En supprimant arbitrairement et subrepticement plusieurs parties de divers manuels scolaires, le Conseil national de la recherche pédagogique et la formation (NCERT, selon son sigle anglais) trahit mauvaise foi et manque de professionnalisme. Ce n’est cependant pas entièrement surprenant dans le climat politique actuel. Le Bharatiya Janata Party (BJP, au pouvoir) a inscrit au cœur de sa politique la création d’un nouvel écosystème des savoirs dans tous les domaines.
Parmi les suppressions les plus importantes réalisées par le NCERT, en les décrivant comme une rationalisation des programmes scolaires, se trouvent toutes les références à l’hostilité des extrémistes [nationalistes hindous] de l’hindutva pour Gandhi, ainsi que l’interdiction du Rashtriya Swayamsevak Sangh (RSS) [organisation aux méthodes paramilitaires et matrice idéologique du BJP] après l’assassinat [du père de la nation par Nathuram Godse, qui en avait été membre et pour qui Gandhi était trop favorable à l’unité entre hindous et musulmans].

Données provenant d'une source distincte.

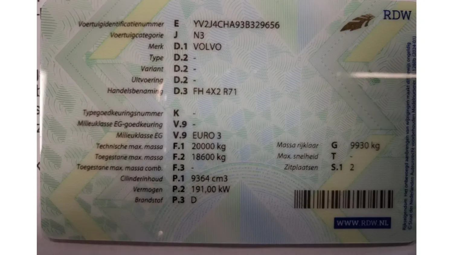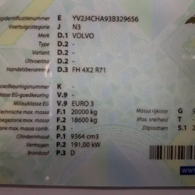 General information Year of construction: 2002 Cab: day Reference number: Zeilbak Volvo FM 9.260 Registration number: 67-BFN-7 Technical information Number of cylinders: 6 Max. front axle load: 7100 kg Max. rear axle load: 11500 kg Fuel tank: 600 litres Measures and weights Empty weight: 9.830 kg GVW: 20.000 kg Wheelbase: 520 cm Functional Dimensions of cargo space: 715 x 251 x 252 cm Tail lift: DHollandia, 2000 kg Condition General condition: good Technical condition: good Additional information Please contact Vitali Lenda (+31 6 20260621, verkoop@toonnetten.nl) for more information

[Sont encore ôtés] des pans entiers de l’histoire des Moghols [dynasties musulmanes qui régnèrent sur l’Inde de 1526 au milieu du XIXe siècle] ; les émeutes [antimusulmanes] de 2002 dans le Gujarat [alors gouverné par Narendra Modi] ; le mouvement naxalite [rébellion paysanne d’inspiration maoïste pour la réforme agraire] ; l’état d’urgence (1975-1977) et des passages entiers sur les mouvements sociaux.
Irrationalité et préjugés
Les textes d’histoire sont particulièrement visés, et 250 historiens de grandes universités indiennes et étrangères ont fait valoir que les personnes qui les avaient rédigés à l’origine, par un long processus de consultation et de discussion, avaient toutes été laissées dans l’ignorance de ces changements. Ceux-ci ne se limitent pas aux manuels scolaires. Le projet de programme de licence d’histoire élaboré par la Commission des bourses universitaires a également été modifié, ce qui conduit à “une perception de notre passé clairement irrationnelle et empreinte de préjugés”, selon le Congrès indien de l’histoire [la plus grande association d’historiens du sous-continent indien]. Le NCERT a tenté de faire passer son manque de transparence pour un “oubli”, mais il campe sur sa révision.

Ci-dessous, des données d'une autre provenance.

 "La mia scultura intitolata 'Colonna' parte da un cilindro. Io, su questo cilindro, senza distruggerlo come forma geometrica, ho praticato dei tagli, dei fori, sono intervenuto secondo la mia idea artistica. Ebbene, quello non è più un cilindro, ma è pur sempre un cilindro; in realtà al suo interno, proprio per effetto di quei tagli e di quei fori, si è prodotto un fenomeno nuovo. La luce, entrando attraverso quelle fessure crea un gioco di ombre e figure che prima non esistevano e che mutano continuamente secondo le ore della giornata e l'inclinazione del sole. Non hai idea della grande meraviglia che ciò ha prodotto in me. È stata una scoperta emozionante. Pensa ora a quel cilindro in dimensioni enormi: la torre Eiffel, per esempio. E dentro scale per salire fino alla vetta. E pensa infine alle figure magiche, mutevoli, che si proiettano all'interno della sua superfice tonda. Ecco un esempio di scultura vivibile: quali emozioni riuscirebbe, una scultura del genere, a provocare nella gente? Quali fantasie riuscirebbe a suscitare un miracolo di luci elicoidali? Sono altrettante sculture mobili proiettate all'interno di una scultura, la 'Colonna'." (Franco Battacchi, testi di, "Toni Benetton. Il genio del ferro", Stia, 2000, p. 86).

Les connaissances s’étendent continuellement et la révision des programmes scolaires est essentielle à la qualité du système éducatif. L’enseignement donné à la jeune génération vient de la décision collective d’une société dans laquelle l’éducation officielle est essentielle. Il reflète les valeurs et l’éthique de cette collectivité et évolue au fil du temps. En Inde, l’enseignement s’est développé avec le but de promouvoir l’intégration nationale [des différentes appartenances ethniques ou religieuses], la pensée critique et la démarche scientifique. Au fur et à mesure que la société mûrit, elle doit pouvoir aborder des épisodes plus sombres du passé avec davantage de sérénité. Il faut en outre décider à quel niveau d’enseignement il est approprié de présenter certaines connaissances. Les manuels scolaires et la pédagogie doivent donc être révisés périodiquement.

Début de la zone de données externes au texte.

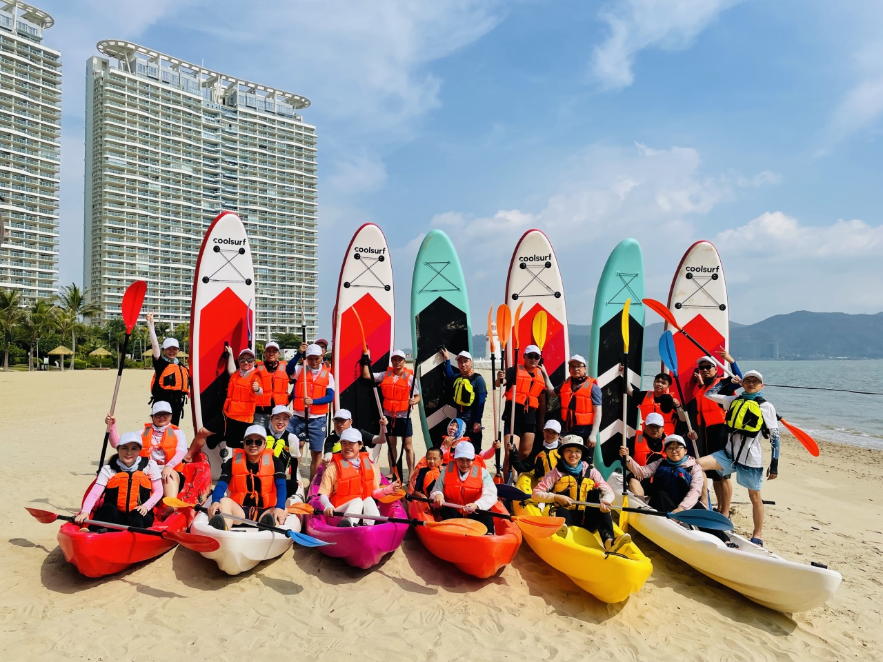 09:00 前往沙滩游玩浆板,开始【皮划艇】,领队带大家进行划艇技巧及注意事项讲解,海上激浪桨板进行时,水上作战high起来,或者在沙滩开启【沙滩排球】活动(赠送活动)。
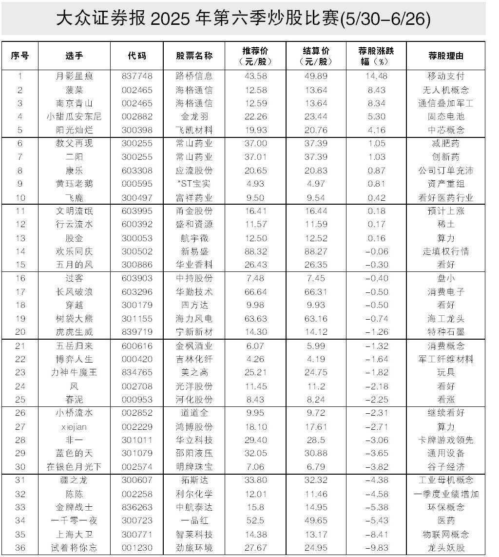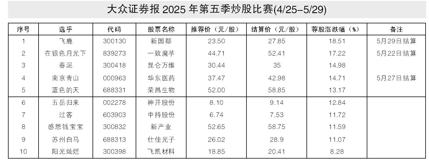 在《大众证券报》读者俱乐部第五季炒股比赛中,选手“飞鹿”以23.5元/股推荐的新国都(300130),荐股涨幅18.51%,荣获冠军;选手“在银色月光下”以44.71元/股推荐的一致魔芋(839273),荐股涨幅17.22%,荣获亚军;选手 “春泥”以30.44元/股推荐的昆仑万维(300418),荐股涨幅14.98%,荣获季军。

Le problème, c’est quand cet exercice est effectué de manière politiquement partisane et au mépris de l’expertise. Il devient toxique quand l’enseignement officiel ne produit pas l’harmonie mais le conflit. La croissance et le développement de l’Inde reposent presque entièrement sur l’éducation de sa nombreuse jeunesse pour qu’elle acquière des compétences professionnelles et sociales, de façon à devenir les citoyens attentionnés d’une nation pluraliste. Ils doivent apprendre l’histoire dans le but de ne pas répéter les tragédies du passé, et de construire un avenir harmonieux. Les consultations destinées à définir le programme doivent être plus larges, plus transparentes à tous les niveaux.